Lompat ke isi utama

Berita

Bawaslu Goes to School Beri Pemahaman Pemilih Pemula terkait Demokrasi

Bawaslu goes to school di SMKN 2 Pariaman

Bawaslu goes to school di SMKN 2 Pariaman

Pariaman, Bawaslu Kota Pariaman-Dalam upaya memberikan edukasi dan pemahaman terhadap penting nya proses demokrasi bagi pemilih pemula, Bawaslu menggelar Bawaslu Goes to School di SMKN 2 Pariaman pada jumat, (08/11/24).
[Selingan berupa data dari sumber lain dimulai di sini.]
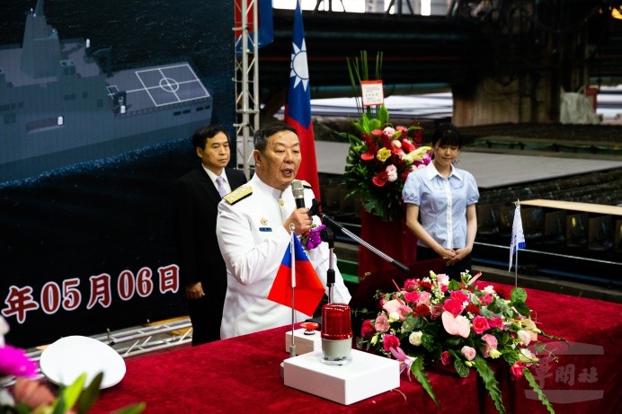 為落實國艦國造政策,國防部海軍司令部與臺灣國際造船股份有限公司攜手合作,打造「新型兩棲船塢運輸艦」,6日於臺船公司舉行原型艦開工典禮,由海軍司令黃曙光上將及臺船董事長鄭文隆代表出席。

Kegiatan bertujuan untuk memberikan edukasi terkait kepemiluan kepada siswa khususnya yang sudah memiliki hak pilih dalam pemilihan serentak tahun 2024. Kegiatan dihadiri oleh Ulil Amri selaku Kordiv HPPH dan Yoga Tri Rizki Koordinator Sekretariat serta staf Bawaslu Kota Pariaman dan didampingi oleh Wakil Kepala Sekolah SMKN 2 Kota Pariaman dalam memberikan edukasi kepemiluan dan pemilihan serentak tahun 2024 kepada siswa-siswa yang hadir. Ulil menjelaskan pentingnya memahami tentang proses berdemokrasi, karena masyarakat  di Indonesia memiliki hak yang sama untuk memilih dan dipilih sebagai pemimpin.

"Pelaksanaan kegiatan bawaslu goes to school ini memberikan penjelasan dan pemahaman kepada para siswa tentang pentingnya proses berdemokrasi, karena masyarakat memiliki hak yang sama untuk memilih dan dipilih, karena pemilu dan pemilihan adalah hsk semua warga negara Indonesia dan sarana perwujudan dar kedaulatan rakyat dan rakyat menjadi penentu dari jalannya negara serta rakyat memberi keputusan tentang siapa yang berhak dan layak untuk memegang jabatan", ungkap ulil.

Selain itu Ulil juga memberikan penjelasan terkait bahaya politik uang. "Politik uang merupakan suatu tindakan yang melanggar undang-undang karena dapat merusak demokrasi. Aturan dalam pemilihan serentak lebih tajam terkait pelanggaran khususnya politik uang ini, karena orang yang memberi dan menerima uang suap sama-sama akan diberikan sanksi dan hukuman kurungan penjara dan pidana", tambahnya.

Ulil berharap dengan sosialisasi ini peserta yang hadir dapat mengerti tentang bagaimana menjadi masyarakat yang dapat bertindak sebagaimana mestinya, lawan politik uang dan ajak orang tua serta keluarga untuk dapat menghindari unsur-unsur pelanggaran dalam pemilihan serentak tahun 2024, seperti politik uang, pilitisasi sara, ujaran kebencia dan hoax.